Unique advantages such as background technology steel case beam is big, in light weight with its span, easy construction are used widely, mat formation with cement concrete bridge deck and to compare, paving steel bridge deck has some specific (special) requirements: mating formation has higher shear strength between layer and the steel bridge face, the requirement layer of mating formation has good flexibility and chasing after from deformability, higher rutting resistance and good dense water can wait, after most of paving steel bridge decks are finished and are open to traffic soon, diseases such as rut, passing, cracking just appear, jeopardize bridge life, and major injury road service quality.Therefore, the paving steel bridge deck problem is puzzlement bridge worker's a global difficult problem always.For addressing the above problem, now work out the systems of mating formation such as pouring asphalt concrete, individual layer SMA, double-deck SMA, epoxy asphalt concrete.Adopt the pouring asphalt concrete system of mating formation, winter just occurred the crack then being open to traffic, just occurred rut in 1 year.SMA is a kind of typical matrix type compact structure, have good thermostability, dense water, crack resistance, be suitable for firm structure, adopt two SMA schemes, solved permanent deformation problems such as rut, but the bonding of SMA structure and steel bridge face is difficult to obtain desirable solution all the time, bonding shear strength is not high, form the weak area of deck, make the SMA structural performance be difficult to give full play to, great majority pushing phenomenon just occurs after adopting the bridge of double-deck SMA structure to be open to traffic soon.The epoxy resin asphalt concrete is by add thermosetting epoxy resin and curing compound in pitch; through curing reaction and a kind of high strength that forms, the bituminous concrete of good toughness; has good interlayer binding ability; good temperature stability and anti-fatigue performance; China's yangtze river in nanjing two bridges have been used the epoxy asphalt concrete system of mating formation; current state is good; but this bridge limiting overload vehicle ' always after be open to traffic; effectively good protective action has been played in the limit for tonnage measure, and the actual effect of mating formation is still waiting the test of time.
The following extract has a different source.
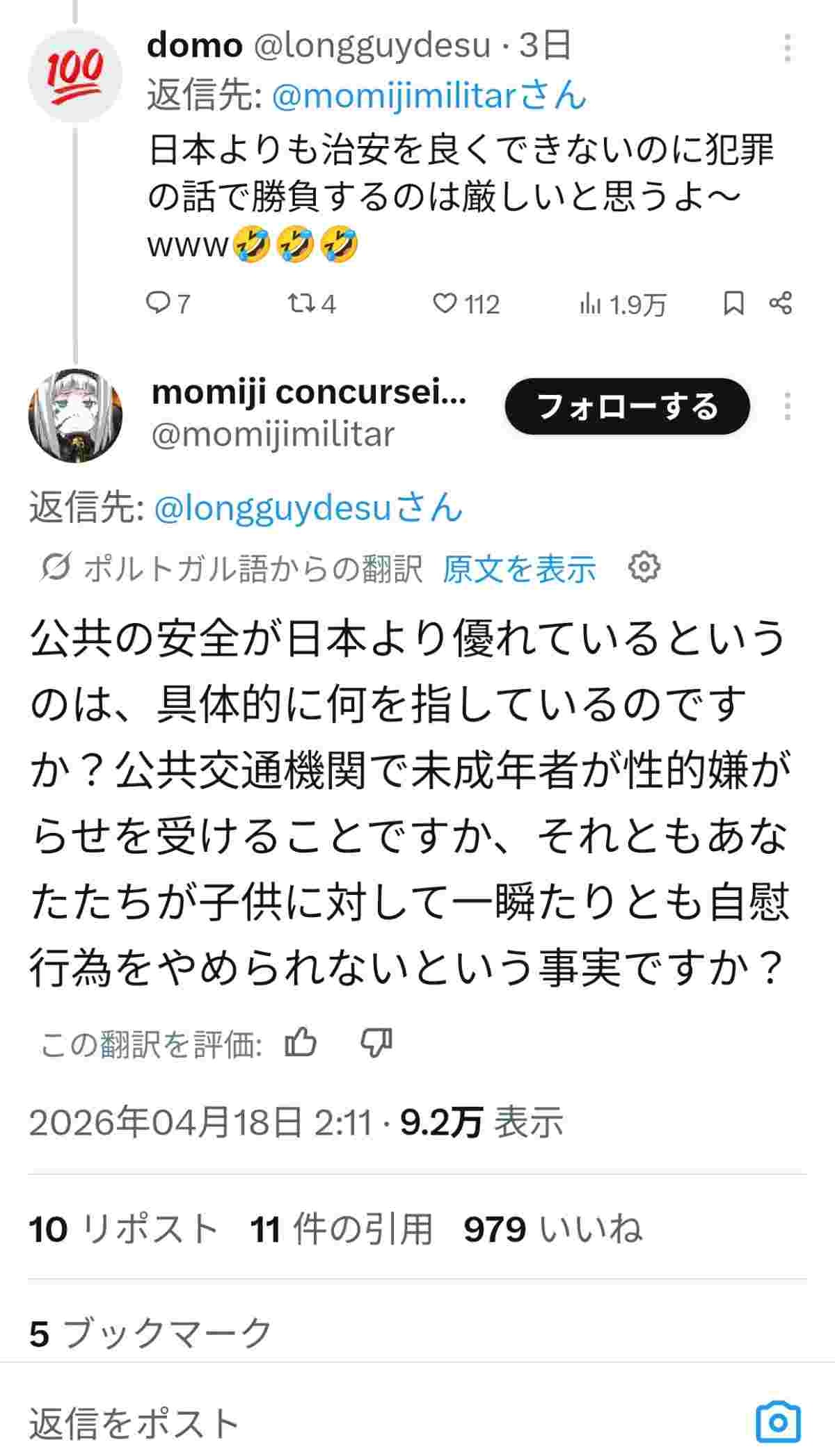 強姦件数が日本の10倍以上でそのほとんどが13歳未満に対する強姦とかいうロリコン大国のブラジルは未成年者の性被害には触れないほうがいいのに

Diseases such as rut, passing, cracking appear in bridge floor, and all will drop into a large amount of funds and carry out maintenance every year, and the annual maintenance funds of one 900 meters long bridge reach 300~12,000,000 according to investigations, cause enormous economic loss.Therefore, the new paving steel bridge deck technology of research is imperative.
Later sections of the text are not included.